During market downturns or bear markets, investors often seek refuge in defensive stocks, government bonds, and precious metals like gold. Defensive stocks especially in sectors like consumer staples, healthcare, and energy utilities, tend to be less volatile and may maintain their value even when the market declines. Government bonds particularly those issued by the U.S. Treasury, are considered safe investments due to their low risk and the backing of the U.S. government. Gold is also a common choice, as it is often seen as a store of value during times of economic uncertainty.
Defensive Stocks
Consumer Staples
Companies that sell essential goods like food and beverages (e.g., PepsiCo) are less affected by economic downturns as consumers still need these products.
Healthcare
Healthcare companies such as those in the pharmaceutical industry are also considered defensive as healthcare services are generally essential.
Energy Utilities
Energy and utility companies provide essential services like oil, gas, electricity and water, making them relatively stable during economic fluctuations.
Government Bonds
Treasury Bills (T-Bills): Short-term debt securities issued by the U.S. government.
Treasury Notes (T-Notes): Medium-term debt securities issued by the U.S. government.
Treasury Bonds (T-Bonds): Long-term debt securities issued by the U.S. government.
Precious Metals
Gold
Gold is a physical asset that is often seen as a safe haven during economic downturns and a hedge against inflation.

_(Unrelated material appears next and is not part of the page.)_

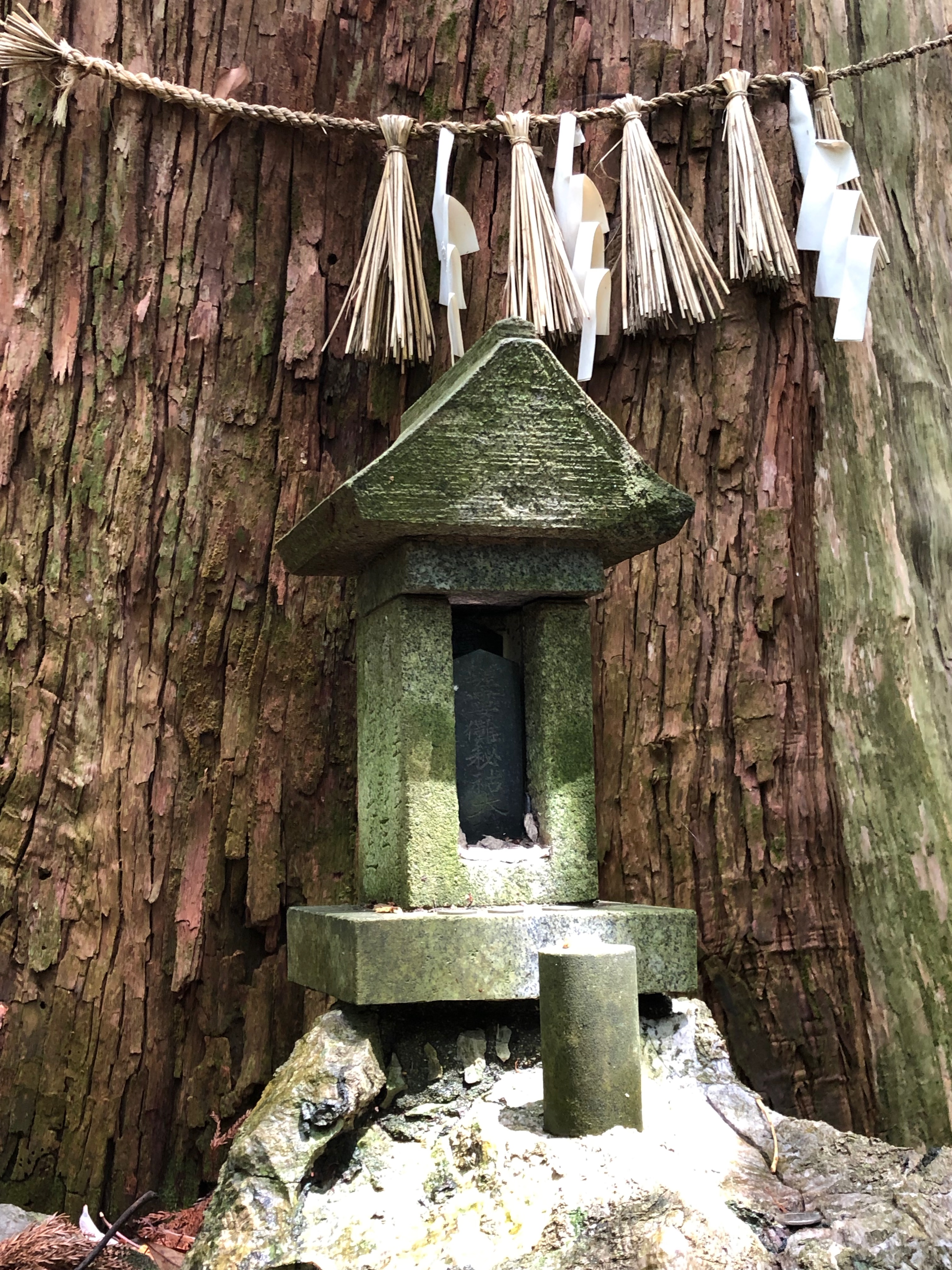 さらに上に山道を登ると、二種類の木が癒合した御神体が祀られていました。

Currently gold has surge higher and may be topping out for the time being. On average it is advisable to invest only 5% to 10% of your investable cash into gold. SPDR Gold Shares (GLD) is a popular ETF for gaining exposure to gold.
Other Considerations
Diversification
It’s important to diversify your portfolio to reduce risk, including holding a mix of stocks, bonds, and other assets.
Long-Term Perspective and Buying Stocks at a Discount
Bear markets are temporary, and stocks can recover so start making a list of leading stocks now you wish to buy later on when the market bottoms out and stabilizes.
Financial Advisor
Consulting with a financial advisor can help you create a portfolio that meets your individual needs and risk tolerance.